Re: [RFC] Vector (string?) growth factor of 1.5 (insted of 2)

[Dhruv Matani <dhruvbird at gmx dot net>]

On Tue, 2004-02-03 at 23:27, Matt Austern wrote:
> On Feb 3, 2004, at 5:11 AM, Dhruv Matani wrote:
> 
> > On Tue, 2004-02-03 at 05:41, Paolo Carlini wrote:
> >> Gabriel Dos Reis wrote:
> >>
> >>> if the only thing you have is a genuine input iterator you're
> >>> effectively stuck. However, if you have at least a bidirectional
> >>> iterator, then you can have an idea of the amount staorage you need.
> >>> We already have dispatchers that compute those iterator categories.
> >>> It might be a good idea to take advantage of them.
> >>
> >> Ok. I think that, by and large, we already do our best, both in
> >> string and in vector...
> >>
> >> A detail comes to my mind, though: perhaps, at construction time,
> >> speed matters more and, in the case of the constructor from input
> >> iterators, we should allow for a bigger factor. Later, memory usage
> >> matters more and a smaller factor seem in order (-> as you say, if
> >> the max speed is really needed reserve is always available, then).
> >
> > Yes. This seems to me to be a really nice suggestion! Make the growth
> > factor inversely proportional to the size of the vector.
> 
> I don't think that is a good suggestion.  In fact, I don't think it is 
> standard
> conforming.

Hmmm.
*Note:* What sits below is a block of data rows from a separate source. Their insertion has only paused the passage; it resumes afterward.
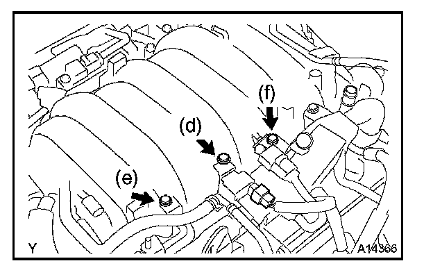 b. Install the upper and lower intake manifolds assembly with the 6 bolts and 4 nuts.
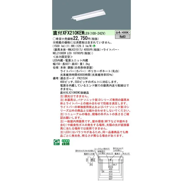 パナソニック iDシリーズ 天井直付型 20形 一体型LEDベースライト 反射笠付 XFX210KEWLE9 白色(4000K)
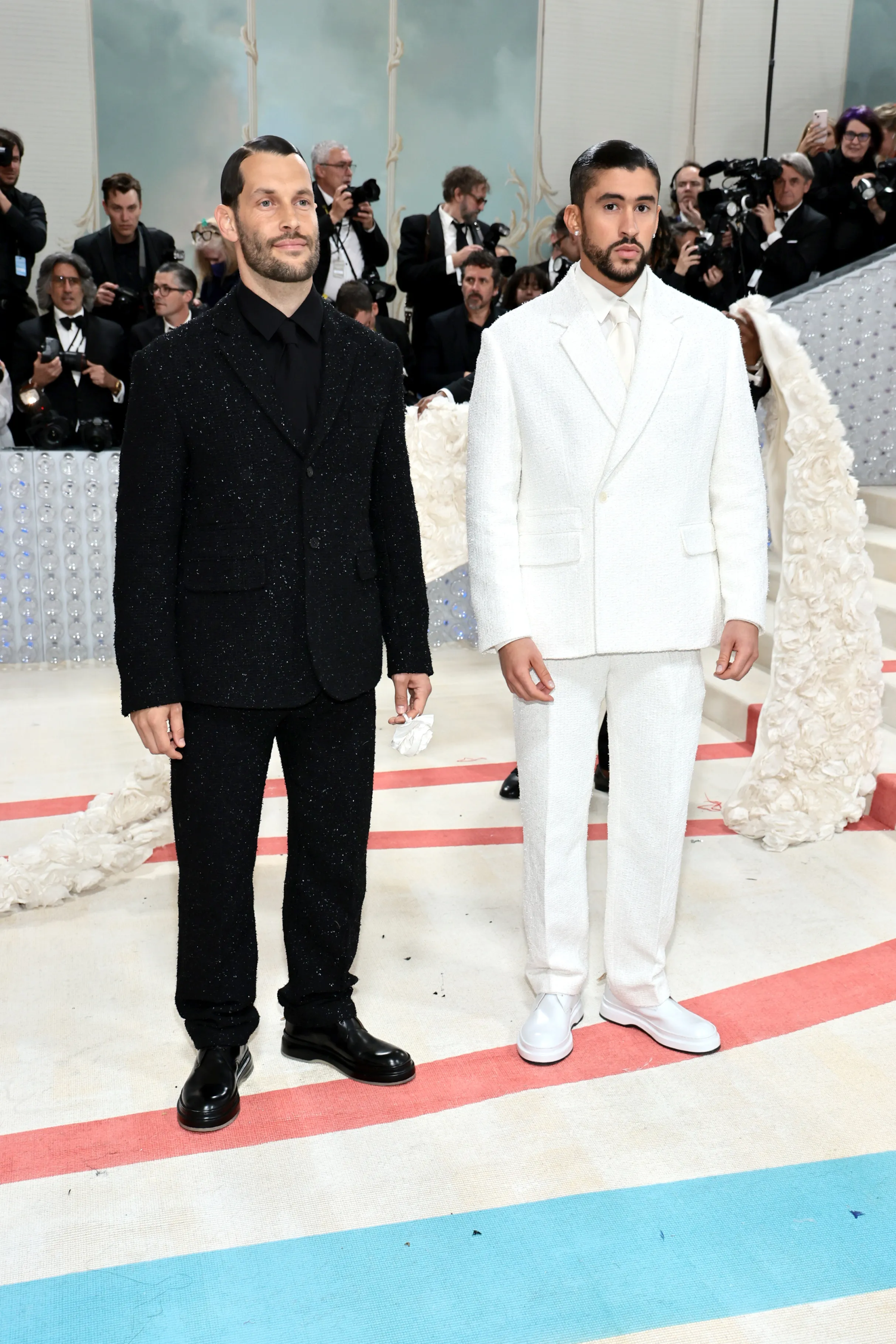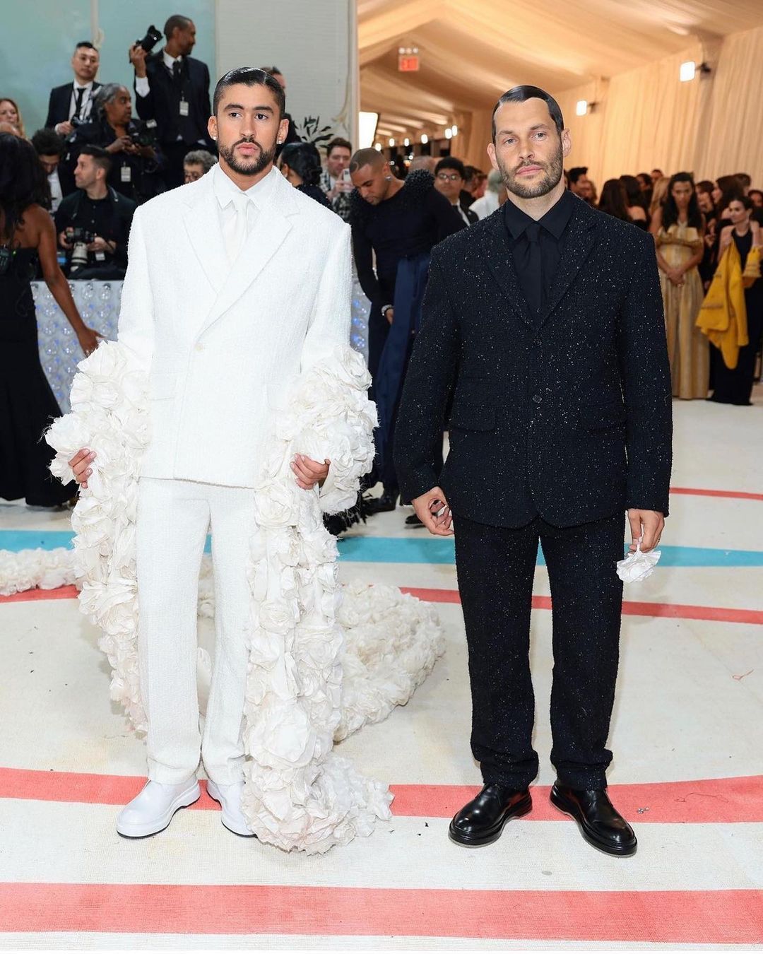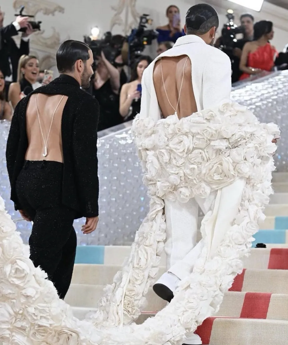 A duo that certainly raised the bar in men's fashion is none other than the Puerto Rican superstar and the darling designer of the French. They graced the red carpet wearing two suits, one black and the other white, each featuring a backless design and bearing the designer's signature. Both interpretations, crafted in tweed, complemented each other perfectly. One complemented his suit with a long floral train for an even more spectacular effect, while the other enhanced his with a long custom necklace with the initial J.
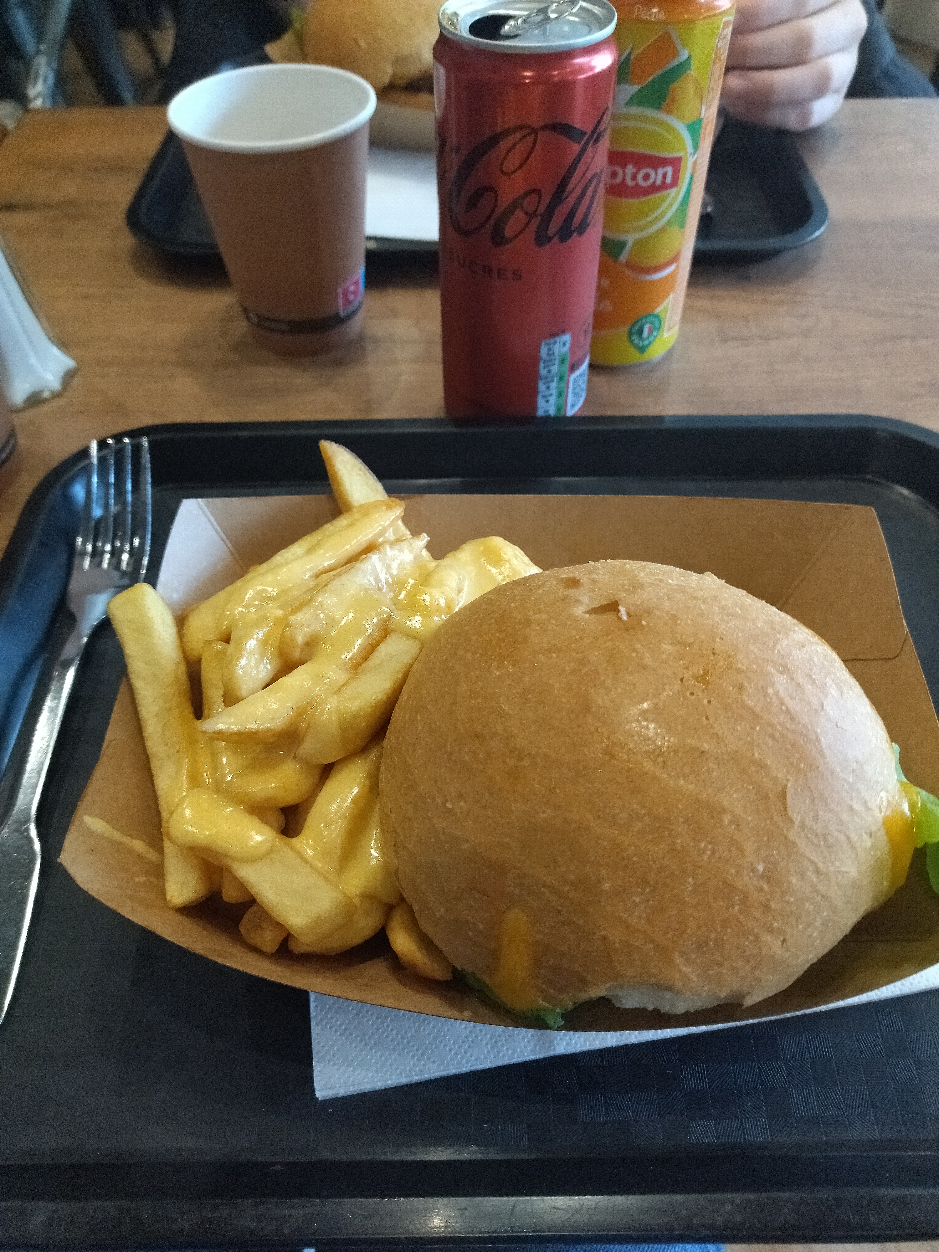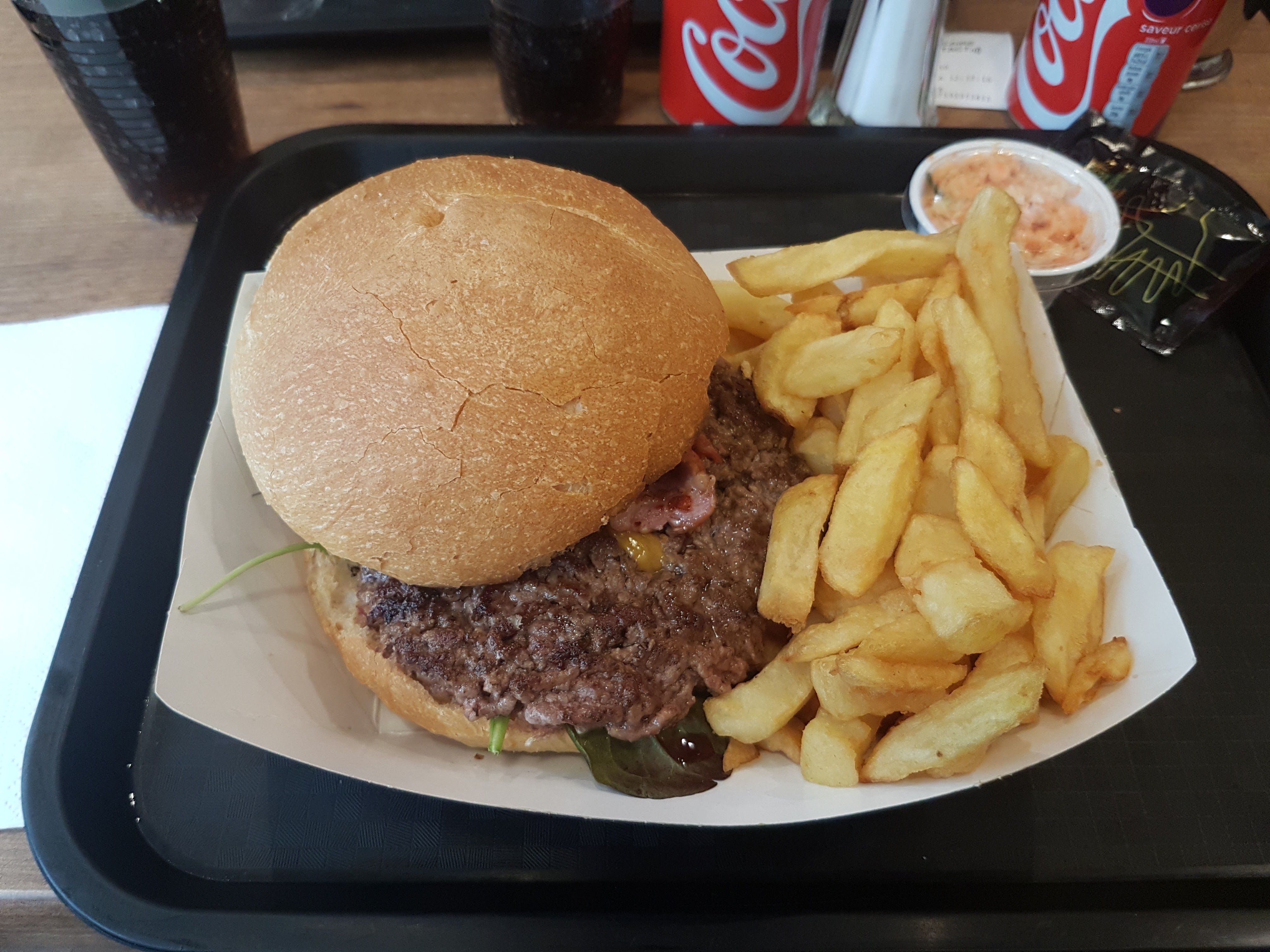 Bon Burger, fait avec une base pain, pas de la viennoiserie Frites carbonisées un peu trop nombreuses dans ma portion, lors de mon dernier passage Donc révision d'avis avec perte d'une étoile à des fins de vigilance pour ce petit désagrément
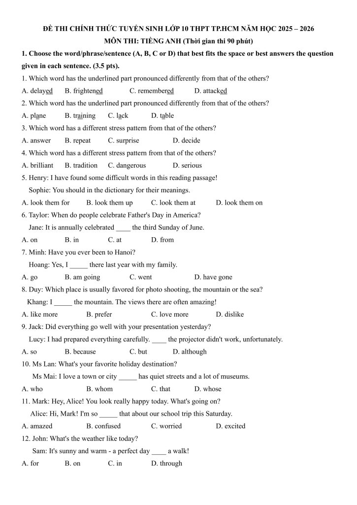 File Word Đề Thi và Đáp Án Tuyển Sinh Lớp 10 TP.HCM Năm Học 2025 – 2026 Môn Tiếng Anh
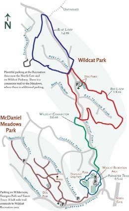 Wildcat has a network of paved trails for walking your dog. There are two Dog Parks at Wildcat on the Red Loop Trail near the Pavilion parking area on Wilderness Parkway. The big dog dog park is on your right and the little dog dog park is on your left.
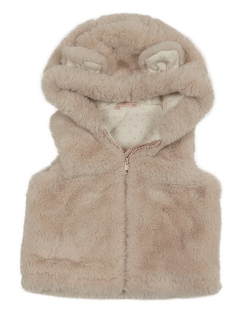 Světlerůžová kožešinová podšitá vesta s kapucí s oušky Matalan
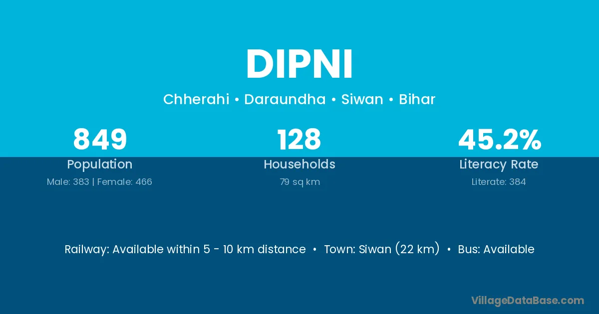 Siwan (22 km) is the nearest town to Dipni village for major economic activities and is located approximately 22 km away.

Thanks ;-) You saved quite a few people quite a lot of work!


> It's easy to prove that if you have a constant growth factor, i.e. if 
> you're
> using exponential growth, then adding one element is amortized
> constant time, as required by the standard.  That is, the number of
> copies you perform when you add N elements at a time is O(N).
> 
> If you're using a growth factor inversely proportional to the size of 
> the
> vector, then you've no longer got exponential growth.  The number of
> copies for adding N elements will be superlinear, meaning that adding
> a single element is no longer amortized constant time, which violates
> the standard.
> 
> Exercises for the reader:
> 1. If you've got a growth factor g, then the number of copies you have
> to make when adding N elements, one at a time, approaches k N.
> Find k as a function of g.
> 
> 2. If your growth factor is inversely proportional to the current size 
> of
> the vector, then how many copies do you have to make if you're
> adding N elements one at a time?
> 
> (I know the answer to exercise 1.  I don't know the answer to exercise
> 2.  My guess would be something like N log N, because this problem
> feels more or less like the integral of 1/x.)

I guess the answer to 1. is 1? And for the 2nd one, your original
question was to express k as a function of the growth function (not
factor in this case, since the growth factor is itself a dynamic
quantity which changes with the size of the vector, since it is
inversely proportional to the size. So, for some constant 'c' belonging
to the domain of Natural numbers, G(N) = c/this->size(). And now the
problem is to find k in terms of G). Which is a different beast in
itself! However, by and large I would tend to agree with you about the
copies function having a tight upper bound of O(Nlg(N)). I can't comment
on the problem being related to the integral of 1/x, since the teachers
at my school have made a mess of calculus and I haven't bothered doing
it myself either! But on the other hand, if someone has lots of time on
his/her hands, he/she could graph out the growth of the vector in such a
case on paper, then calculate the derivative at some specific points and
apply (the great!) Newton's interpollation formula and get a good
approximation of the value over a apecific range that we are looking
for. I have a hunch that the graph will have a very steep curve at the
beginning and will smooth out and become almost straight towards the
end. Something like a very high power function when it begins, and
becomes conatant when it is about to die.



-- 
	-Dhruv Matani.
http://www.geocities.com/dhruvbird/